Excuse me, madam senator, but isn''t it a bit late in the day to be snarling at the luscious Lewinsky? Instead of weeping in print (for a big, fat, juicy fee of $8 million), perhaps Hillary Clinton would have endeared herself a little more to women the world over had she taken a stand with her philandering husband at the time of the scandal. But that wouldn’t have got her the big bucks.
So, she played the stoical wife instead. Fair enough. Had she decided to close that sordid chapter then, nobody would’ve commented. After all, as we Hindustanis often say, ‘‘Miya-bibi ka mamla tha.’’
For the former first lady to rake it all up in her new memoir Living History, smacks of cheesy sensationalism. Good for sales, sure (the unpublished book is already number two on best-seller lists), but what about Chelsea? Going by the excerpts (frankly, disappointing), one understands that Mrs Clinton’s only reason for ‘‘staying by her man’’ was to spare her young daughter the agony and embarrassment of having to deal with warring parents, besides coping with all the muck-raking in the media. A noble intention. Most mothers of teenage children caught in a similar imbroglio would do the same.
So what’s the big difference now? I’d say it’s the royalty cheque. Chelsea is still a fairly young person. In fact, if anything, Chelsea is at an even more vulnerable point in her life. Surely, it can’t be much fun reading about what a cad her dad was, especially not when the person calling him that is the mother.
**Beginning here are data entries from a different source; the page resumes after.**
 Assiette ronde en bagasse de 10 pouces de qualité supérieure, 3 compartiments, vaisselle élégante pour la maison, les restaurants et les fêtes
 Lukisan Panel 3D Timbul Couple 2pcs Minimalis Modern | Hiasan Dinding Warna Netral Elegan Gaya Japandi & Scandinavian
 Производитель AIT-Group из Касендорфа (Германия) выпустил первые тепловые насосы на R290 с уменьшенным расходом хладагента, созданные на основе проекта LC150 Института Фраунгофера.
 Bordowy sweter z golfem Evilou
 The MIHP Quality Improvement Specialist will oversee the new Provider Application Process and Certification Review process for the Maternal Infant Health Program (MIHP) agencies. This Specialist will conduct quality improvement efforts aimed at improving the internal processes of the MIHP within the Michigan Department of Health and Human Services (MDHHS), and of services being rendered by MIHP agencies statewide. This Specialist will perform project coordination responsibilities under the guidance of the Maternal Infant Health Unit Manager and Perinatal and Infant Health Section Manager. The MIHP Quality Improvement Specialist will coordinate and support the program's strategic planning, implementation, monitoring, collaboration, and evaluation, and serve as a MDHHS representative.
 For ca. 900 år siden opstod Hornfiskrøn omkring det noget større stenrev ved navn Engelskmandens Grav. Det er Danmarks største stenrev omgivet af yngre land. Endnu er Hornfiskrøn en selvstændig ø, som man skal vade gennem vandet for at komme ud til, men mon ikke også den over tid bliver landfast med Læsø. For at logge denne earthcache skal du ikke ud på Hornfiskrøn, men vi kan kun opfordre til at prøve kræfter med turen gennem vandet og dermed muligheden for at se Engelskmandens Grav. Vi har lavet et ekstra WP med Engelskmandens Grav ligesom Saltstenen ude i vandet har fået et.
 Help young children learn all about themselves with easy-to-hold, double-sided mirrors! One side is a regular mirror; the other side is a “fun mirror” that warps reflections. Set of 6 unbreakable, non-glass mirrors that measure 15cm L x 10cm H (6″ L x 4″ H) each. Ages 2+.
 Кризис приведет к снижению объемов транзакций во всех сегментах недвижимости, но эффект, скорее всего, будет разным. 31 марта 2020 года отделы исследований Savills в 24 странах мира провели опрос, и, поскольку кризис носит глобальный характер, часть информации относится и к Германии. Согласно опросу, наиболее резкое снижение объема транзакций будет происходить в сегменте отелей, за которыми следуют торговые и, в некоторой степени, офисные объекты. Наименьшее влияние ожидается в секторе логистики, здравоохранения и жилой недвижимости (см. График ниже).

Mrs Clinton claims staying married to the post-Monica Clinton was one of the most difficult decisions of her life. I’d say it was perhaps the shrewdest. Hillary won countless brownie points for gritting her teeth and staying put. I am pretty certain her personal agenda had already been finalised at that point. She was going to run for senator (the second most difficult decision, according to her). I believe both decisions were interlinked. And perhaps, the canny Clintons did a deal (she stays put, he completes his term; she runs for the senate, he stays put). Makes sense. So, why in hell is this tough, calculating woman babbling now? She claims she was the last to know (just like countless dumb heroines of long-running soap operas). She also claims she believed ‘‘her man’’ when he denied the initial reports. Well then, Mrs Clinton must be one hell of a naive chick. Given his track-record (and hers!), it isn’t possible that she lived in ignorance through all his dalliances. The truth may be worse — she chose to ignore them all. Because the perks of her husband’s job were too good to pass up.
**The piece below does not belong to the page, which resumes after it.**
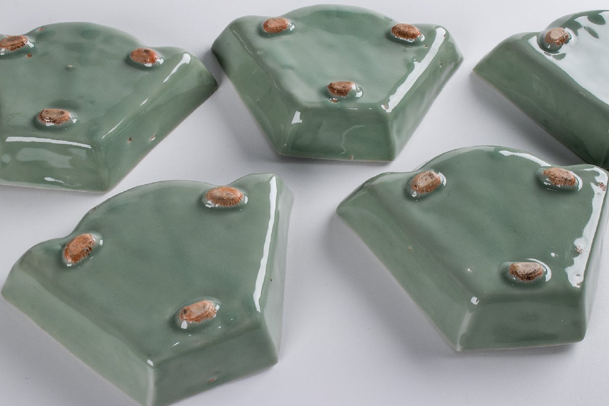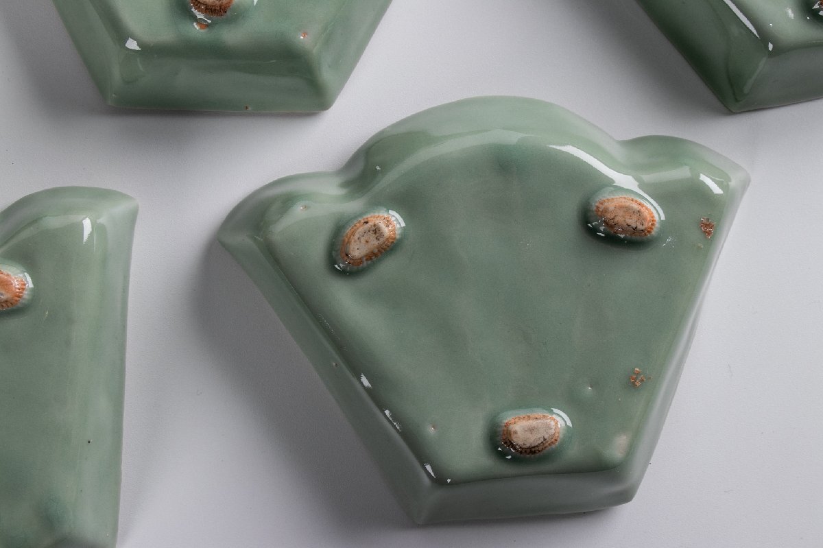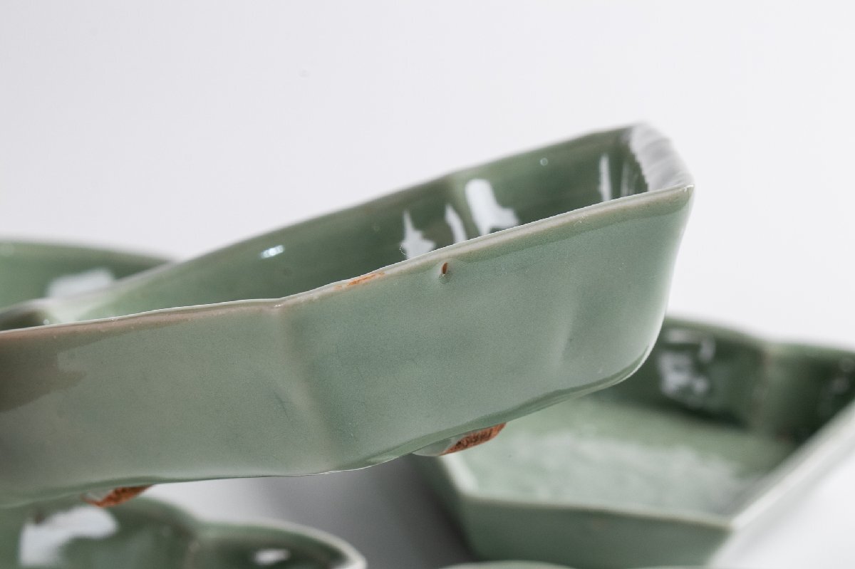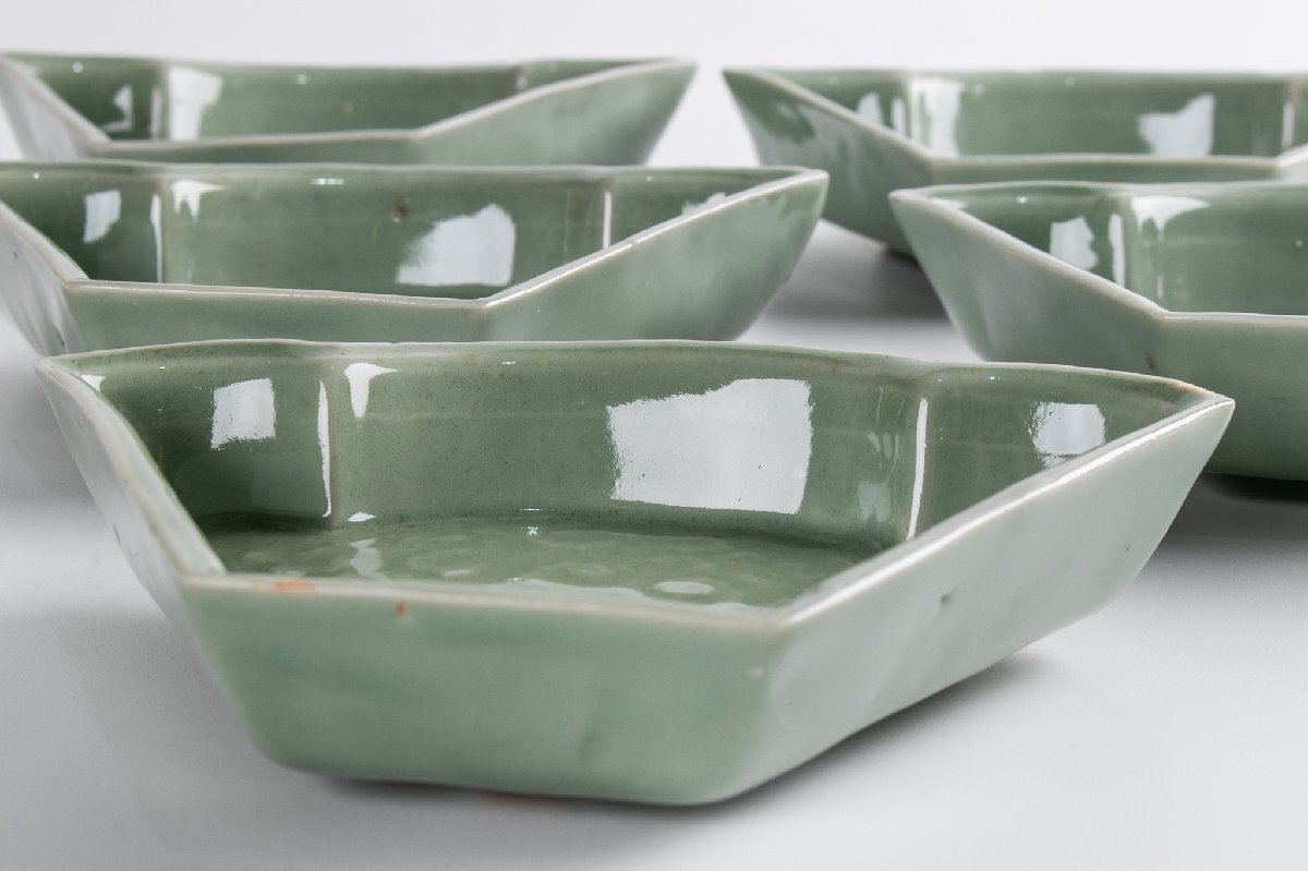 【うつわ】 三田青磁 陽刻牡丹文変り形皿 5客 E1918 バラ売り可能です 古美術 骨董 古玩 陶磁器 和食器 懐石 料亭

We might have admired her a little more, had she admitted as much. A woman needs a life, too. But, no. Hillary disappointingly enough picked a predictable route — she decided to tell all. Alas, even the prose is pedestrian. She sounds like any whimpering, bleating martyred wife when she writes about her inability to breathe when Billy-boy finally decided to confess. Mrs Clinton ‘‘gulped for air’’ and ‘‘started crying’’. The president according to his wife, hung his head in shame and kept saying, ‘‘I’m sorry.’’ Boo hoo.
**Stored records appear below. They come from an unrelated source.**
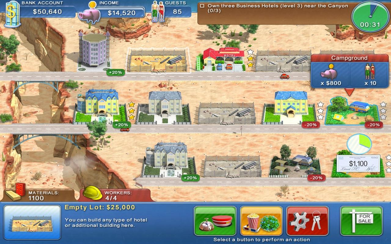 Hotel Mogul - это экономический симулятор напрямую связан со строительным бизнесом. Вам предстоит занять пост директора по развитию компании Golden и наладить процесс строительства новых отелей и кафе.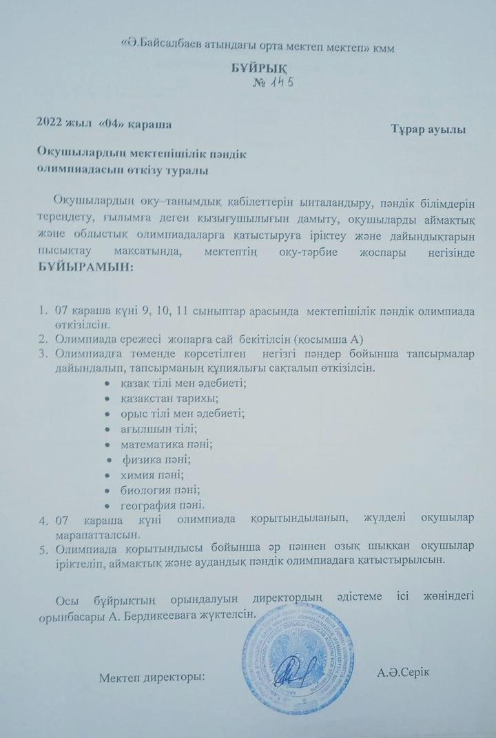 07.11.2022 жылы Ә.Байсалбаев атындағы орта мектепте 9, 10, 11 сыныптар арасында мектепшілік пәндік олимпиада өткізілді. Мектепшілік олимпиада кезеңінен жүлделі оқушылар аудандық кезеңге өтеді » А.Байсалбаев атындағы орта мектеп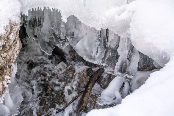Little Case was so intrigued by how the water rushed through the ice cavities.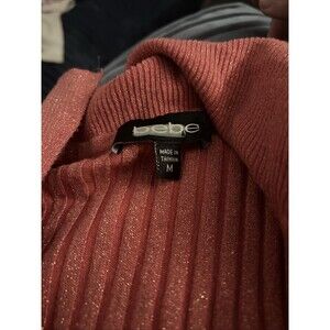 Vintage Y2K Bebe M Glitter stretch ribbed Henley blouse fitted sweater top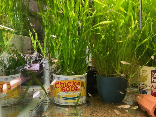 A repurposed soup mug with a large amount an unknown Vallisneria species, probably spiralis, grown in my fishroom. You are bidding on the large soup mug in the LEFT side of the photo that says Chicken Soup. This container is the same species as the other containers, but the stems in this one are a little more fine and more twisted. The other containers in the photos are in other listings. Use as-is or divide. The rootball easily slides out of the pot for replanting or dividing into additional pots. This species grows FAST in my hard water under LED shop lights without any supplements other than some occasional Flourish Excel to help keep algae under control, so it couldn't be much easier to grow. Nuisance snails are guaranteed to be included, any algae is incidental or there is none. The plants are coming from a 40 Breeder grow out tank with young non-spawning Rainbowfish.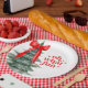 Weihnachtsfeiertag Teller mit Weihnachtsbaum und Roter Bogen. Oh, was für ein Spaß!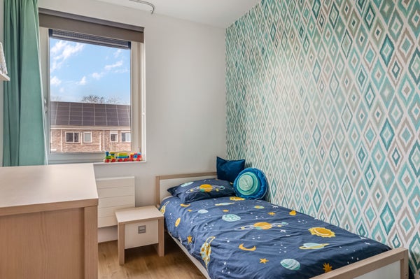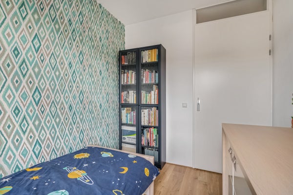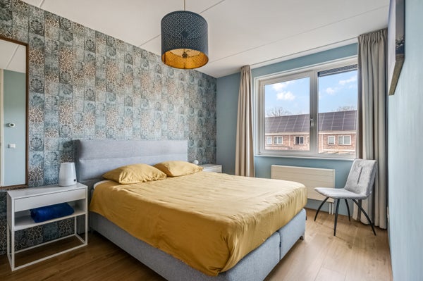 Vanaf de overloop is er toegang tot drie ruime slaapkamers, waarvan twee groot genoeg zijn om te gebruiken als master bedroom. Ga je aan de voorzijde slapen, met de ochtendzon, of aan de achterzijde? In alle slaapkamers ligt laminaat op de vloer en in alle slaapkamers zie je patroonbehang op een van de wanden. Dat zorgt voor kamers met sfeer, klaar voor een nieuwe invulling.

The prose gets progressively smarmy. Mrs Clinton recalls being ‘‘dumbfounded, heartbroken and outraged....’’ Oh puh-leeze spare us, honey. The reason Hillary stuck around with the heel is all too obvious to anybody — herself. I guess, it’s payback time now. It’s Bill Clinton’s turn to maintain a stoic silence, grit his teeth and bear it. It’s Chelsea I’m worried about. Maybe, she’ll finish her mother’s stated unfinished job of wringing Clinton’s neck. And while she’s at it, she might wring her mother’s too. Unless, she’s smarter and signs up for an even juicier book deal of her own. Only then, will we get the real version of how a misplaced cigar brought the president down.